> ACTION ITEM: The material below is to be copied exactly from the line with "yerel depolama sıralayın" up to and including the line with "Макро тренд –", with nothing else kept and no pictures.

> DATA RECORDS:
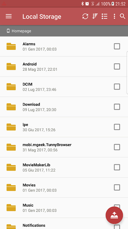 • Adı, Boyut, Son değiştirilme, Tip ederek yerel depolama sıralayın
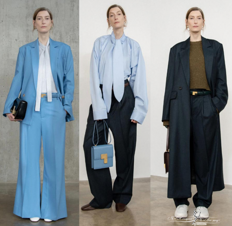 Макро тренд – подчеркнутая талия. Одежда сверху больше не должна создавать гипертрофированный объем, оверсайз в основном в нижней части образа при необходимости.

---

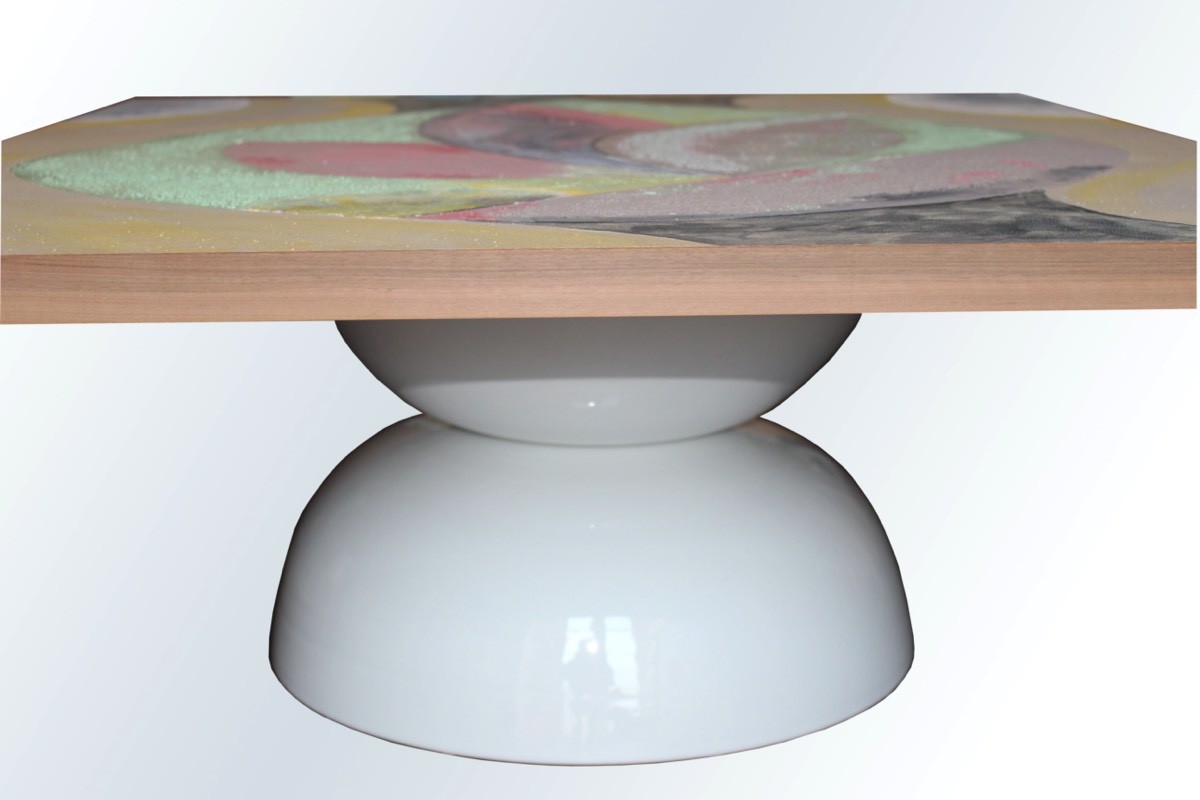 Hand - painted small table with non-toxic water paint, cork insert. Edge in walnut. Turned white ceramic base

---

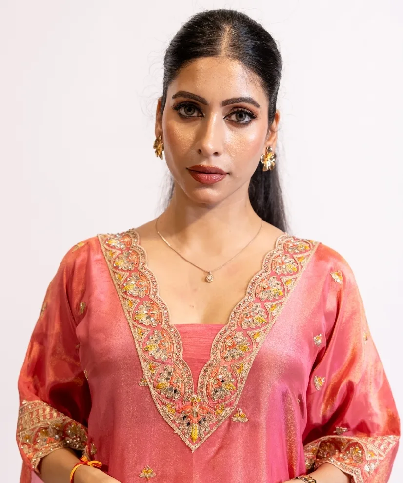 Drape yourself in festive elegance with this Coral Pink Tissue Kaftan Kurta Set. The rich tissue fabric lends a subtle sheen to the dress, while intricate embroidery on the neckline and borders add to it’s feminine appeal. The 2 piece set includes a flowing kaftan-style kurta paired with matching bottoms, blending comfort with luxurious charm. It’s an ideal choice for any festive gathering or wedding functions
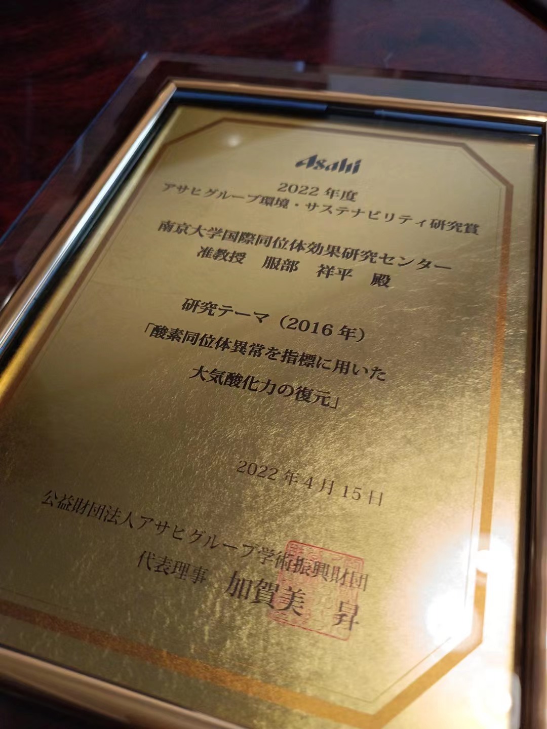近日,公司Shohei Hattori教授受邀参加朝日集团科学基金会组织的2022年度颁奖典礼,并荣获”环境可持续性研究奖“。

> WRITTEN ANSWER:
 • Adı, Boyut, Son değiştirilme, Tip ederek yerel depolama sıralayın
 Макро тренд – подчеркнутая талия. Одежда сверху больше не должна создавать гипертрофированный объем, оверсайз в основном в нижней части образа при необходимости.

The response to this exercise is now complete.